India’s inflation is expected to average around 2.5 per cent over the next six months, according to a report by HSBC Global Research released on Friday.

The report attributed the softer inflation outlook to a high base effect from last year, as well as stable food prices and adequate grain supplies. Data for June is already trending slightly below May levels, it noted.

“Vegetable prices in the first 10 days of June have increased in the range of 0–13 per cent, but the high base from last year is helping keep overall inflation in check,” HSBC said in its outlook.

The monsoon, which began early this year, has slowed recently. Despite this, the sowing of key summer crops such as rice and pulses is reportedly progressing well. Combined with strong cereal production from last year, this has helped keep granaries well-stocked—providing the government with flexibility to release grain stocks gradually and manage food inflation over a longer horizon.

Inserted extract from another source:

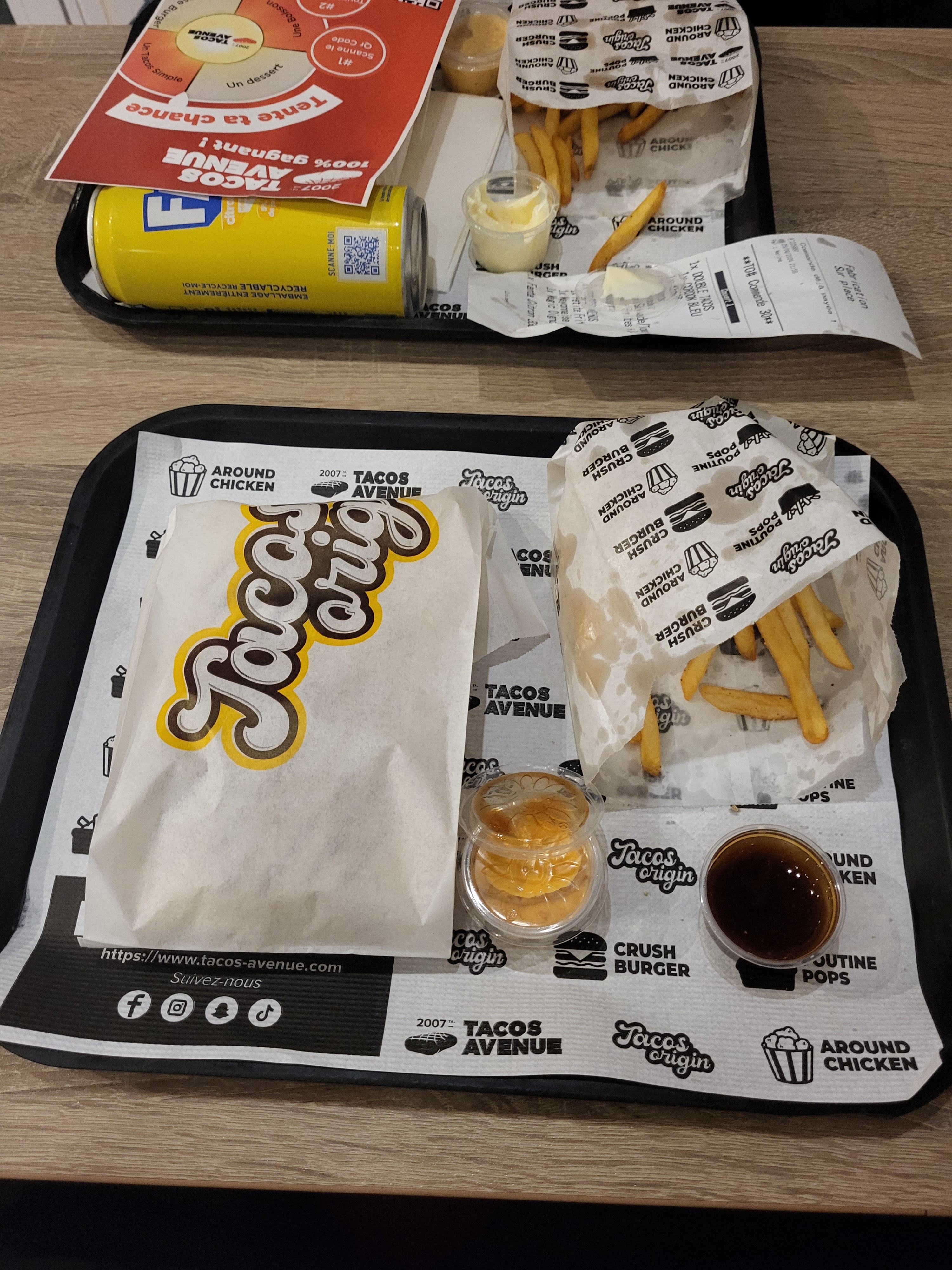 Les tacos ne sont pas fou , ni horrible . Un peu déçu par rapport aux premières fois que j'y ai mangé. En revanche service rapide et efficace . Employé souriant malgré le rush.

Headline and core inflation (excluding gold) stood at 2.8 per cent. Food prices remained in deflation for the fifth consecutive month, falling by 0.2 per cent on a month-on-month basis. Prices of items such as fruits, eggs, fish, meat, and sugar showed subdued momentum.

However, high gold prices continue to exert upward pressure on core inflation. With gold accounting for 1.1 per cent of the Consumer Price Index (CPI) basket, and prices having risen by over 30 per cent in recent months, core inflation remains slightly elevated. Excluding gold, HSBC estimates core inflation at 3.5 per cent year-on-year.

Looking ahead, the report forecasts that core inflation could ease further in the second half of 2025 if gold prices decline, as projected by HSBC’s commodities team. It also expects external factors to aid disinflation, including a stronger rupee, falling commodity prices, and weaker global demand—particularly from China.